В вагоне поезда он обернулся и посмотрел на здание Хранилища Досье, гадая, правильно ли решил, выбрав работу здесь. И решил, что поступил верно. Порой Рейни казалось, что ему лучше среди людей и событий прошлого: они неизменно присутствовали в его жизни. Мощеные улицы древней Земли, озаренные тусклым светом фонарей и усыпанные мусором, старинные мосты и площади Лондона со множеством бронзовых статуй… Хотя это были воспоминания о другой планете, они казались ему столь же реальными, как маленькие круглые красные столики в уголках залов Хранилища Досье, и даже более знакомыми, чем виды и звуки его собственной жизни. Мудрость прошлого не покидала его, она дарила ему веру в то, что безмолвные и вечные чувства не ошибаются.

Рейни очень давно не бывал в киноархиве. Раньше он туда заходил два раза в год, но потом перестал. Достойных памяти так часто не поминали. Дорога до архива между тем накрепко засела в его сознании, и пусть раньше он туда добирался с другой станции, всё равно и в этот раз очень быстро доехал до архива на поезде. Он заранее позвонил, поэтому Джанет ждала его в своей мастерской.

Рейни не знал, как начать разговор с ней: каждый год, когда они виделись, он сначала не понимал, что сказать. Джанет была на двенадцать лет старше него, но их между собой связывало несколько человек. Они никогда не говорили об источнике своей дружбы. В этом не было нужды, когда связь была прочной, как сама земля под ногами.

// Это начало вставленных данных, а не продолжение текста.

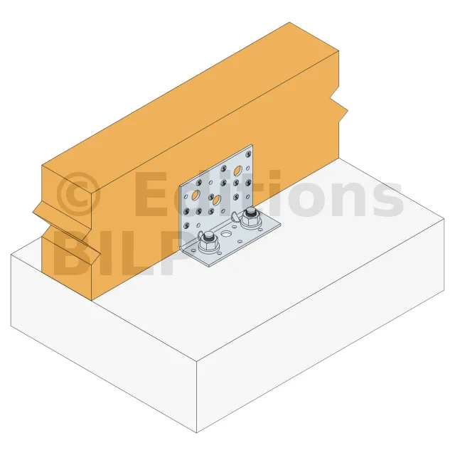 - Fixation bois/support rigide - type poutre/support rigideAile A : 12 - type : CNA Ø4.0x35 ou Ø4.0x50 mm ; Aile B : 2 - type : WA M12-104/5 - Assemblage avec 2 équerres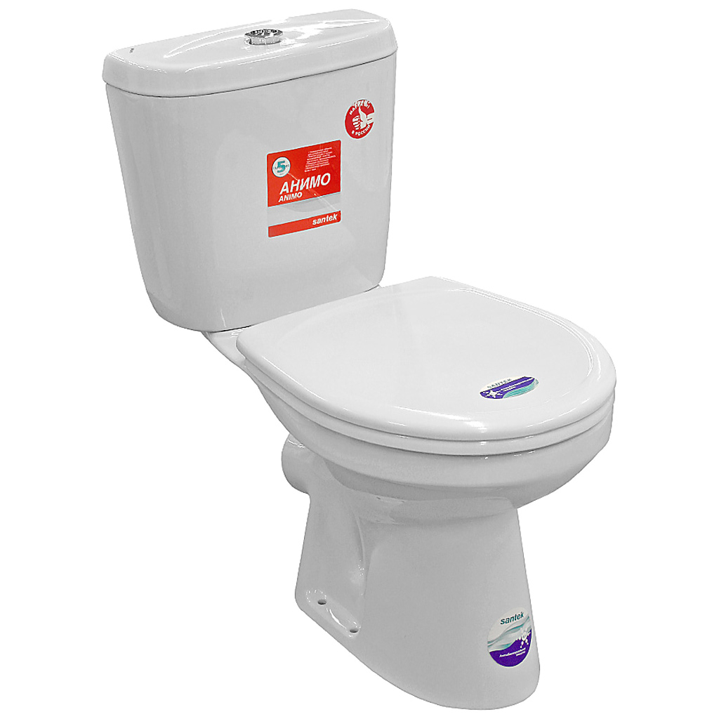 Унитаз-компакт Santek Анимо, двухрежимная арматура, нижняя подводка, выпуск косой

Рейни ни разу не сказал Люинь о том, что когда-то учился у ее матери, Адель. Три с половиной года она обучала его искусству скульптуры в общественной студии. Это были самые важные годы в его жизни.

Когда Рейни увидел Джанет, ему стало жаль ее. Когда молодой человек с Земли сообщил ей о смерти Артура, она словно бы за ночь состарилась на десять лет. Вера поддерживала ее дух, а дух давал силы телу. Десять лет Джанет жила верой и надеждой, а теперь эти силы покинули ее.

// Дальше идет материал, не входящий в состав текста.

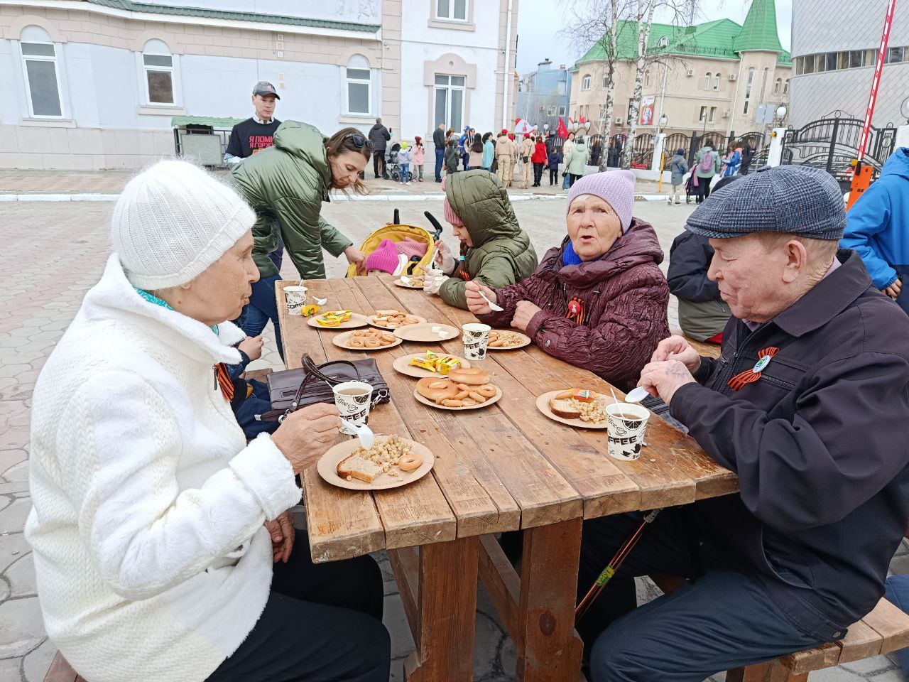 Наши партнёры - первичное отделение №30 партии «Единая Россия» накормили всех вкуснейшей солдатской кашей.

Тем не менее она очень старалась вести себя гостеприимно, хотя и не скрывала своей печали. Она провела Рейни в свою мастерскую, налила ему чая. Он сразу перешел к делу и рассказал о замысле Люинь и ее друзей начать революцию.

Как и ожидал Рейни, Джанет встретила эту новость задумчивым молчанием. Она долго стояла у окна и смотрела вдаль.

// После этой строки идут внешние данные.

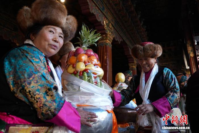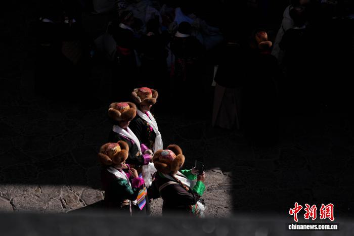 图为白拉姆节临近之际,信众在大昭寺内敬献供品后载歌载舞的场景。贡确 摄

– Десять лет миновало, – проговорил Рейни.

– Да, – кивнула Джанет.

– Порой мне кажется, что история повторяется.

Джанет промолчала.

– Их пыл и жажда справедливости… так знакомы.

Джанет вернулась к столу, села и залпом допила чай. Она пристально посмотрела на Рейни.

– Уж если тебе кажется, что история повторяется, то как ты думаешь, что чувствую я?

Люинь

Когда у них на глазах на землю падала смерть, Люинь и Чанья вспоминали одно и то же. На Земле это стало для них страшным мгновением, оно надолго запечатлелось в их, тогда еще детских, сердцах.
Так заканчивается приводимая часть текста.